┌─ Dataset section
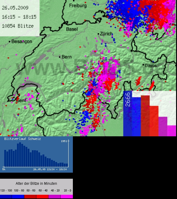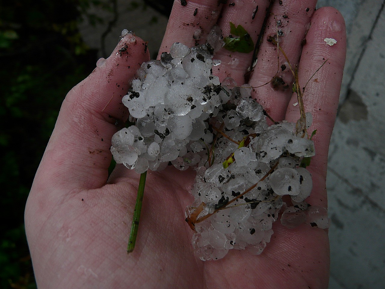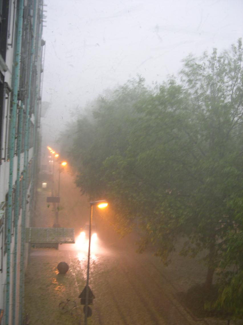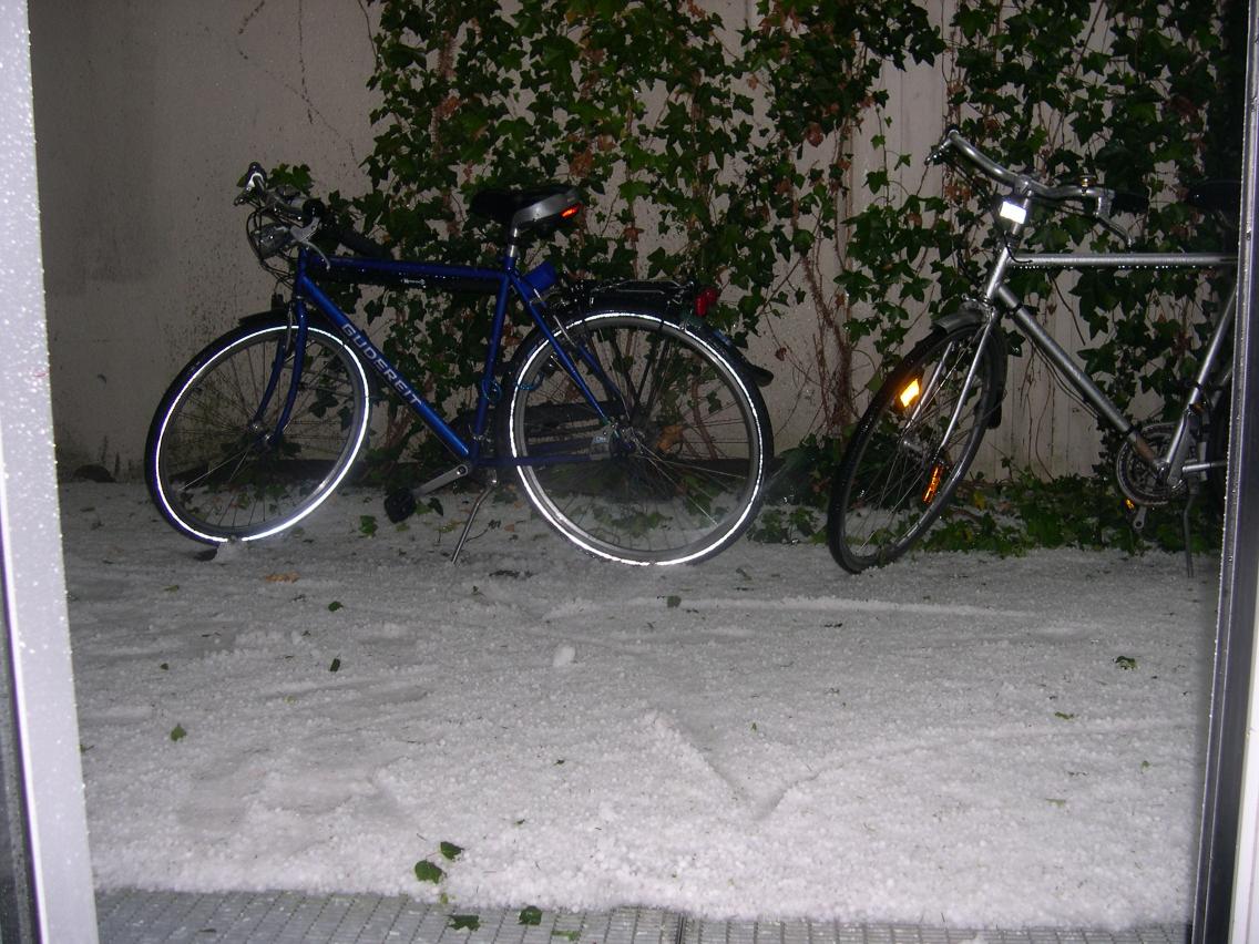 Wollte gerade meine Mittagspause beenden als das ganze hier aus Richtung Bern aufzog. Erst rabenschwarze Wand und dahinter dann eine giftgrüne Wolke. Danach setzte dann auch sofort ordentlich Niederschlag ein der zunehmend in Hagel überging. Der Hagelschlag dauerte ca. 5 Minuten! mit bis zu 2,5 - 3 cm grossem Hagel. Mein Regenmesser zeigte mir dann auch eine stündliche Regenrate von bis zu 250 l/m²
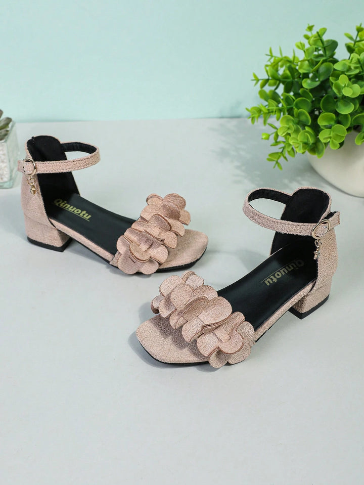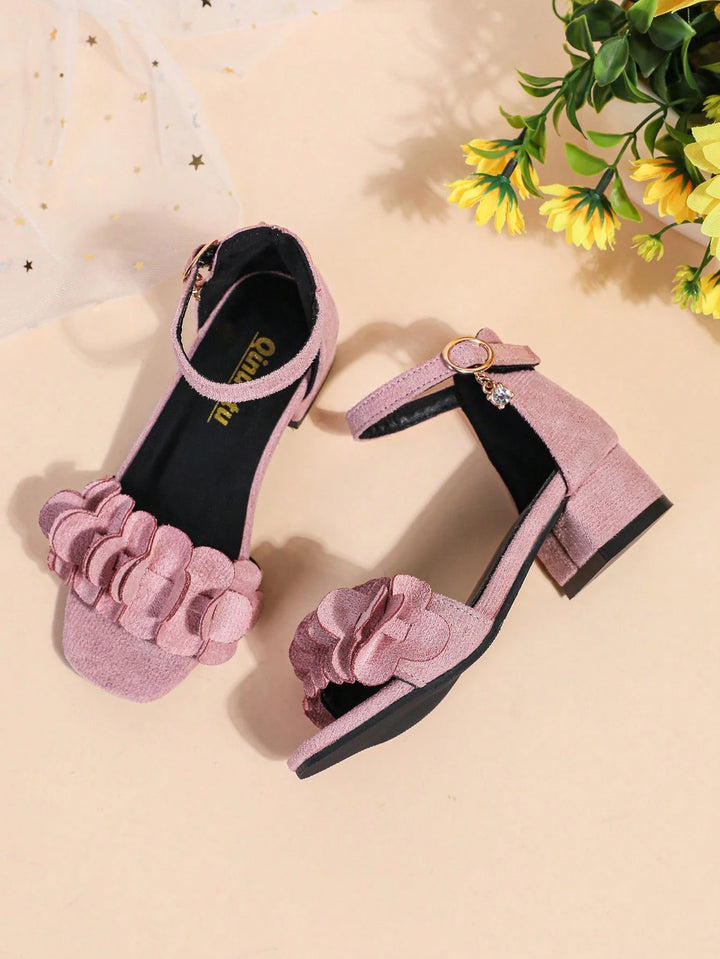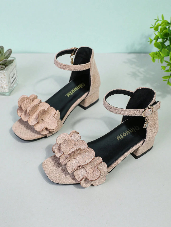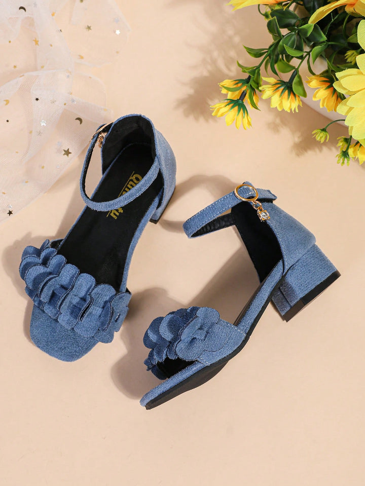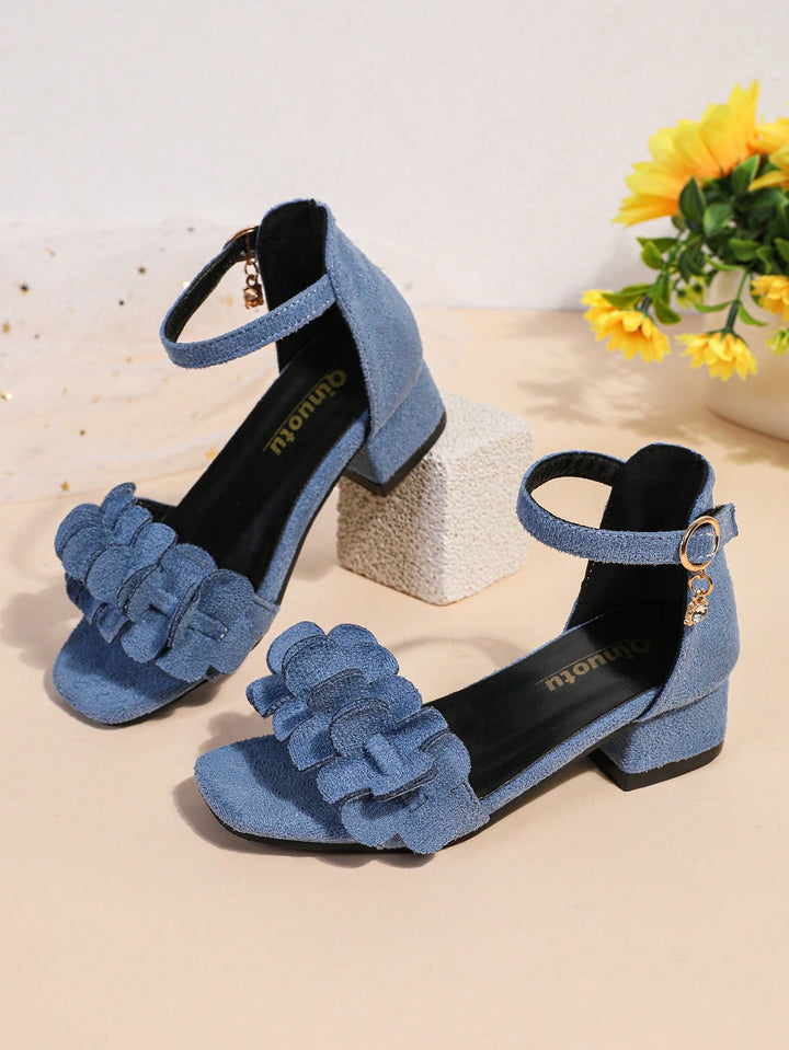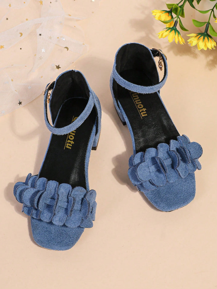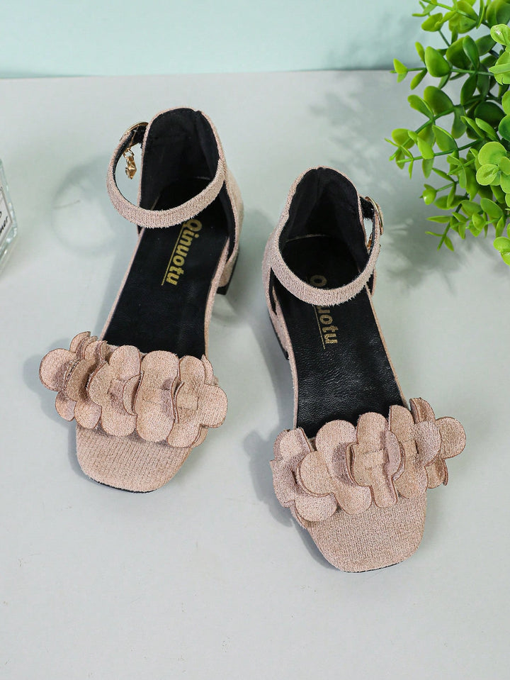Fashion High Heel Sandals Princess Shoes With Strap Floral Hook Loop Fastener
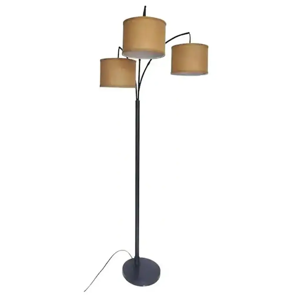 The antique bronze floor lamp has 3 burlap drum shades which suspend from adjustable curved metal poles. It has a rotary switch on pole and uses three 60-Watt incandescent bulbs or CFL equivalent (not included). It is 80 in. H. This lamp would bright up any room decor. Highlights Antique bronze finish Burlap fabric drum shades: 10 in. x 10 in. x 7.5 in. H Lamp overall height - 80 in. Sturdy metal base Easy to use 4-way rotary switch on pole Uses three 60-Watt bulbs (not included) Assembly required
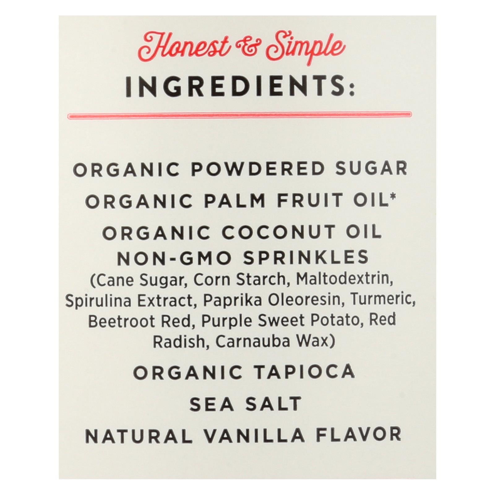ingredients : organic powdered sugar organic palm fruit oil* organic coconut oil non-gmo sprinkles;cane sugar;corn starch;maltodextrin;spirulina extract;paprika oleoresin;turmeric;beetroot red;purple sweet potato;red radish;carnauba wax;organic tapioca sea salt natural vanilla flavor
└─
An exact restatement is expected of the lines from the line containing "The antique bronze" to the end of the data above, pictures excluded.

 The antique bronze floor lamp has 3 burlap drum shades which suspend from adjustable curved metal poles. It has a rotary switch on pole and uses three 60-Watt incandescent bulbs or CFL equivalent (not included). It is 80 in. H. This lamp would bright up any room decor. Highlights Antique bronze finish Burlap fabric drum shades: 10 in. x 10 in. x 7.5 in. H Lamp overall height - 80 in. Sturdy metal base Easy to use 4-way rotary switch on pole Uses three 60-Watt bulbs (not included) Assembly required
ingredients : organic powdered sugar organic palm fruit oil* organic coconut oil non-gmo sprinkles;cane sugar;corn starch;maltodextrin;spirulina extract;paprika oleoresin;turmeric;beetroot red;purple sweet potato;red radish;carnauba wax;organic tapioca sea salt natural vanilla flavor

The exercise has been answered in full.